Один только подъемник шахты, который держит рабочего как в тюрьме, чинит насилие над душой и закабаляет в тисках унизительного процесса, становится сильнейшей метафорой всякой машины.
Природа оборачивается в искусстве «пейзажем», в таких фильмах, как этот, – одухотворенным ландшафтом, и это уже другая природа, созданная самим человеком и получившая воплощение в индустриальном пространстве.

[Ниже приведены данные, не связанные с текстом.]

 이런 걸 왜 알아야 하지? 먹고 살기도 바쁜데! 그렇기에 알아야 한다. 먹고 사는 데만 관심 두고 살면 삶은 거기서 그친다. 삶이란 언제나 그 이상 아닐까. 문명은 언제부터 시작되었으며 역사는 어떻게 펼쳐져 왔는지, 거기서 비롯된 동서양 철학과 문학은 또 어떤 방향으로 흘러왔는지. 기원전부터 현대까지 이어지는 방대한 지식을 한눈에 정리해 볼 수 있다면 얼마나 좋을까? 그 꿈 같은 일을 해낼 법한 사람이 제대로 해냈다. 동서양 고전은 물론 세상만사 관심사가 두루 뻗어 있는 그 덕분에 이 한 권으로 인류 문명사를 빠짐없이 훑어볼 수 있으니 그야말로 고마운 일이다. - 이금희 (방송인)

Физиогномия как категория и пансимволизм
По сути, я всё время говорю о том, какое большое символическое значение отведено в кинематографе миру вещей. Хотя, наверное, уместнее будет сказать просто «значение». В определении «символический» уже подразумевается смысл, но только скрытый, выходящий за границы исконного. То, что все вещи без исключения символичны, является для кино решающей отправной точкой. Ведь так или иначе, хотим мы того или нет, но физиогномическое впечатление производит на нас любой предмет, в любой момент времени. Абсолютно. Как время и пространство принадлежат к неотъемлемым категориям нашего восприятия мира, а значит, и опыта, в точности так же каждому явлению присуща своя особая физиогномика. И в понимании мира это обязательная составляющая.

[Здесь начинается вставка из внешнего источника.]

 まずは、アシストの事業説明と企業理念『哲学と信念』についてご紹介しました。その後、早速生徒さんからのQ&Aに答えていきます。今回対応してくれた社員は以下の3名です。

Итак, при изображении предмета режиссер выбирает не между вещественной объективностью и собственно физиогномикой предмета со всеми закрепившимися в нем смыслами, но между физиогномикой, которой он владеет и которую волен сознательно использовать сообразно задуманному плану, и другой, насквозь противоречивой и всецело зависящей от случая. Звуки раздаются, хочешь ты того или нет, и превратить их в осмысленную мелодию необходимо, иначе они станут только помехой.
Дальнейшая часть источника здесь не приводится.